# Shark Week: More shark head banging



## FishEyeMaps (Aug 22, 2012)

Has anyone out there found that hitting a shark on the head discourages them when they are after your fish? It does not seem to work for me.


----------



## TailRazor (Apr 25, 2011)

Depends how big they are, the smaller guys usually get the hint.


----------



## devildog83 (Apr 2, 2009)

Depends on what you are hitting them with


----------



## Telum Pisces (Sep 27, 2007)

A good spear tip to the nose seems to do the trick 99% of the time. I have had one that I literally jabbed it in the nose and it continued to swim at me against me pushing against him with my spear tip firmly planted into his nose. He was hungry.

But all others usually leave me alone after a quick jab with the spear tip.


----------



## Haulin' Ash (Jan 4, 2011)

http://gifrific.com/wp-content/uplo...of-the-time-it-works-every-time-Anchorman.gif


----------



## coolbluestreak (Jun 27, 2011)

Haulin' Ash said:


> http://gifrific.com/wp-content/uplo...of-the-time-it-works-every-time-Anchorman.gif


Man Jeff, did you have to re-activate your account before you could post?
long time no see/read.


----------



## lowprofile (Jan 6, 2013)

most sharks around here actively eat sting rays, i doubt any shark over 6ft is going to be affected much by being poked in the face. i spear rays outside the first sand bar for bait and have had sharks swim by me, they never tried to take a ray but if they did i would probably just give it to them. 
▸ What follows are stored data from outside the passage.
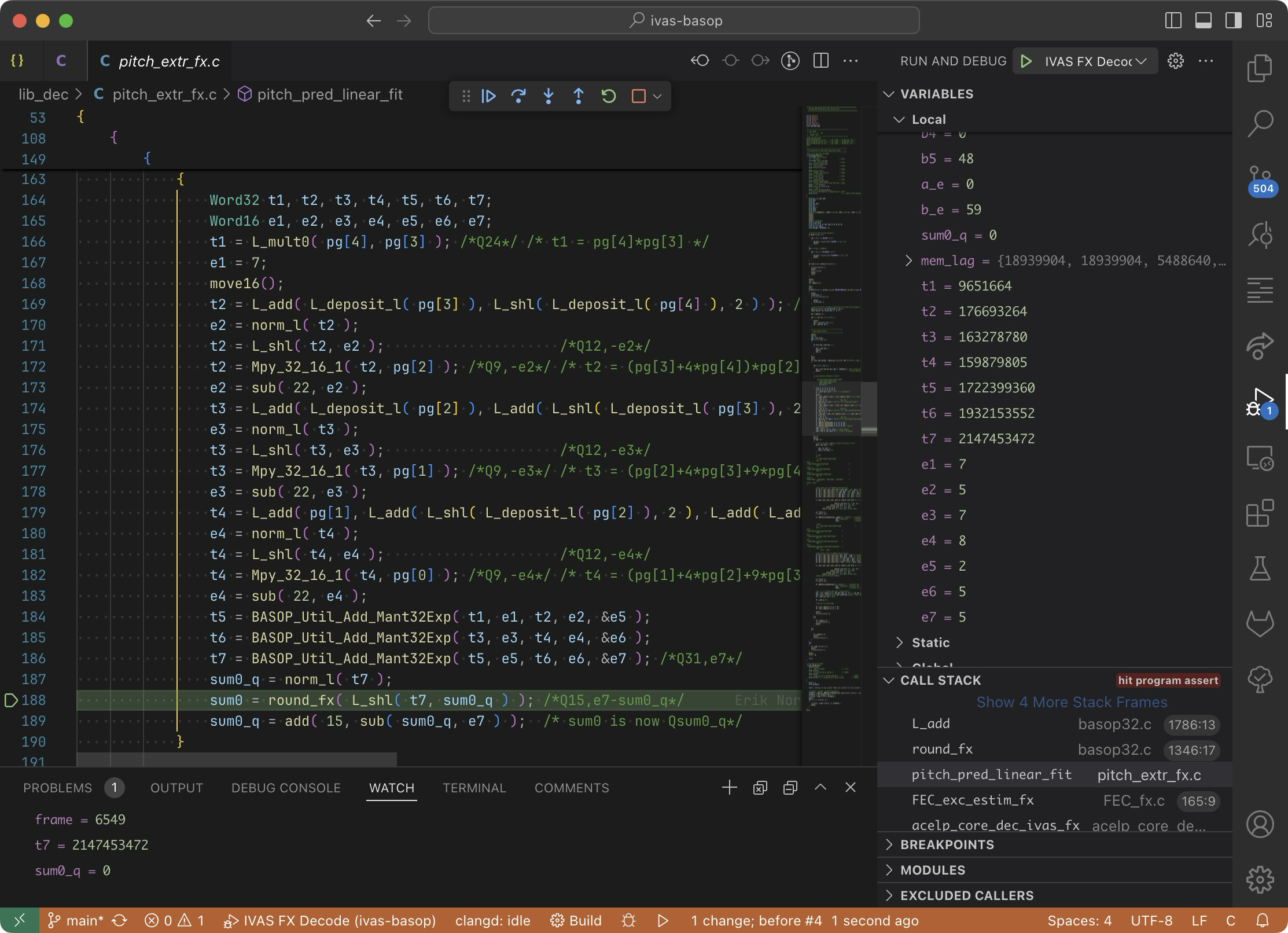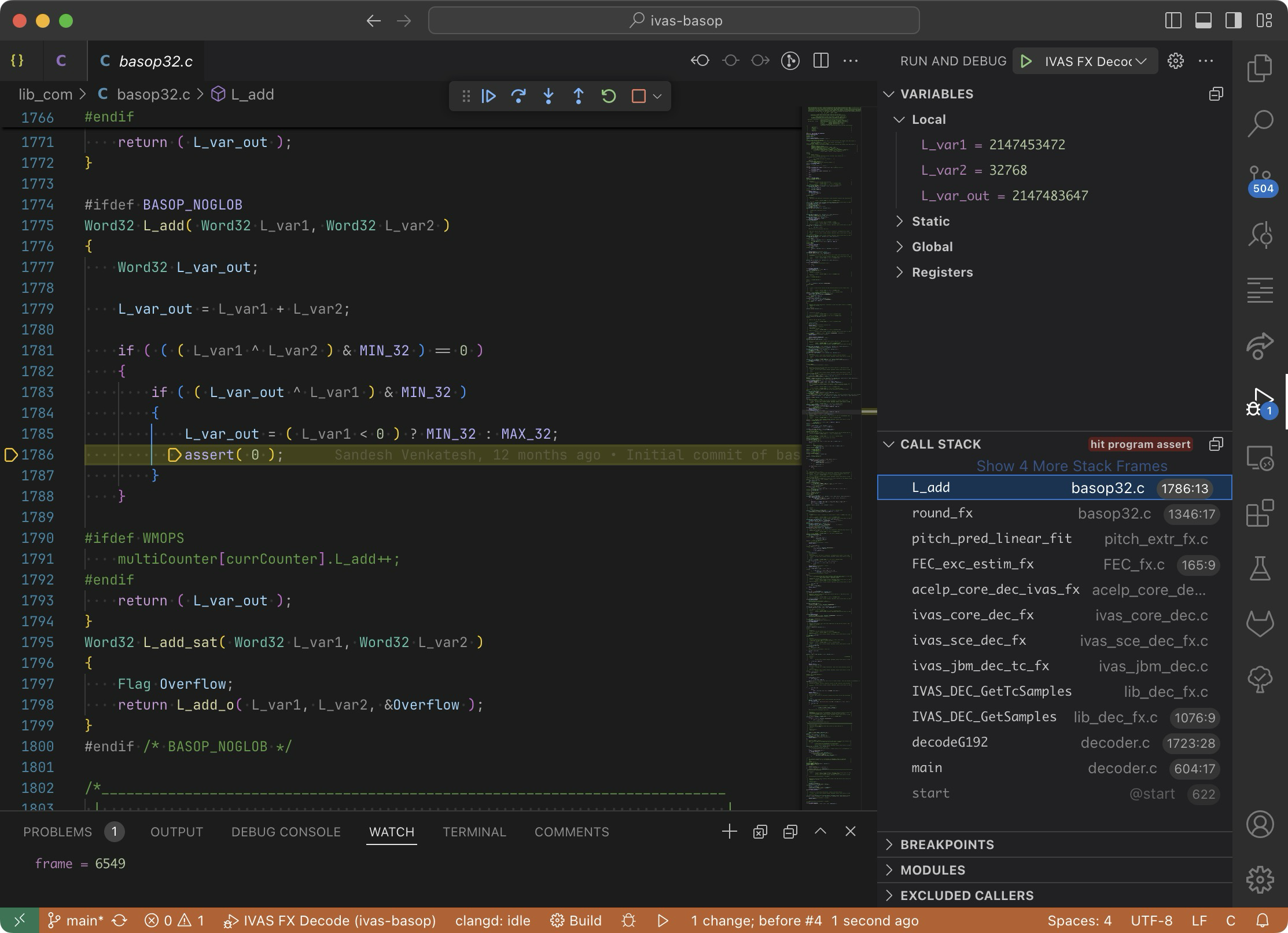 Assertion failed: (0), function L_add, file basop32.c, line 1786.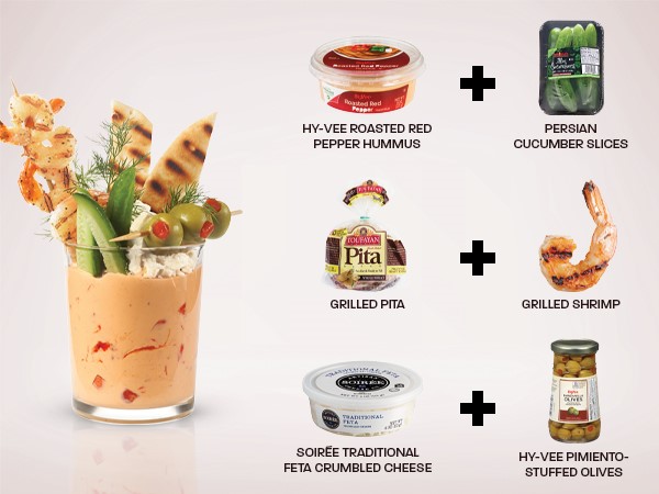 Love hummus and feta? We've got an idea for you: Greek Jarcuterie! Fill glass mason jars with hummus, cucumber, grilled pita, feta cheese, and grilled shrimp. Even better? You can order all these ingredients and supplies on Aisles Online.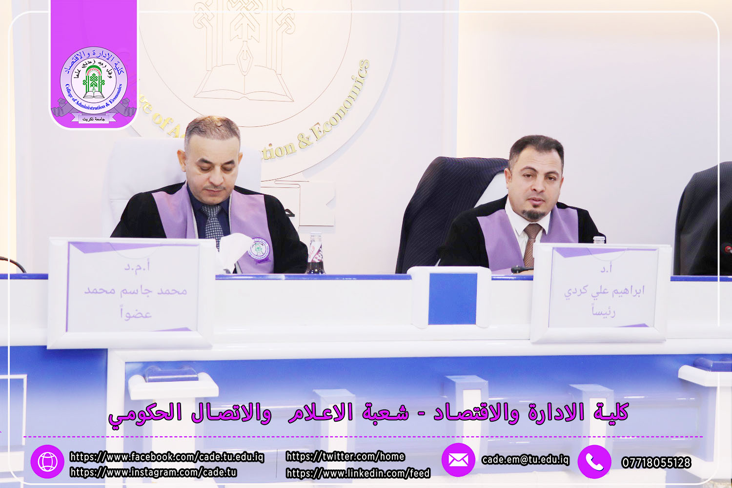 وقد حضر المناقشة حضور الأستاذ المساعد الدكتور فؤاد فرحان حسين عميد كلية الإدارة والاقتصاد، والأستاذ المساعد الدكتور خطاب عمران صالح معاون العميد للشؤون العلمية، إلى جانب عدد من طلبة الدراسات العليا.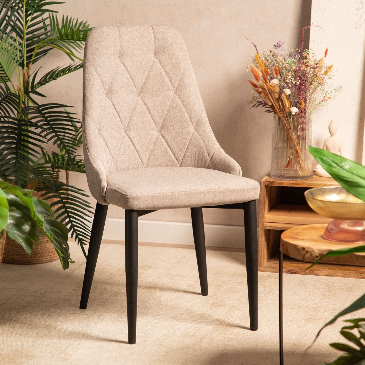 Auf der Suche nach einem komfortablen und gleichzeitig stilvollen Stuhl? Der HOMLA LOUIS QUILTER Stuhl wird sicherlich keine Erwartungen enttäuschen! Er besteht aus hochwertigen Materialien, die Haltbarkeit und Festigkeit bei der täglichen Nutzung gewährleisten. Der Sitz des Stuhls ist mit einem angenehm zu berührenden Stoff bezogen, der auf der Rückenlehne mit einem stilvollen Quadratstepp verziert ist. Der beige Bezug harmoniert perfekt mit den schwarzen Beinen und schafft eine elegante, moderne Kombination.

also, most sharks do not like bubbles. a small co2 tank, like the ones for pellet guns, will scare them for a few minutes. they don't seem to mind regular breathing from a scuba tank though.


----------



## Haulin' Ash (Jan 4, 2011)

Granted, fighting off the tax collector in shallow water while free diving would suck so I can’t comment on what to do outside the first sandbar, you will just have to wing-it at that point, but *PLEASE* don’t give up the fish when you are offshore if you can help it. People have been doing this and it is likely why the sharks come out of nowhere as soon as they hear the bands go off.
Keep your fish in close or send it up with a lift bag. Get in close with your dive buddy and you can likely keep them away from you. Jabs to the nose are very effective. If you think about it; with your bc, tank and fins on, you are about 7 feet long, have a pretty wide girth and your blowing loud bubbles. If there are two of you that’s even more intimidating. 
The law of nature is “fight or flight” and you aren’t going to out run them. :whip:


----------



## WhackUmStackUm (Jan 31, 2010)

I feel your pain Bro. I hit one on the head and nose 20+ times with little effect a couple of weeks ago during an accent + deco. Should have shot the fish up on a lift bag, but I was a bit tangled. Now where did I put that SharkShield? :detective:


----------



## JoeyWelch (Sep 25, 2009)

Don't know about diving but when in a boat you can hit em in the top of the head with a slug and it settles right on down. Saves a lot on tackle too.


----------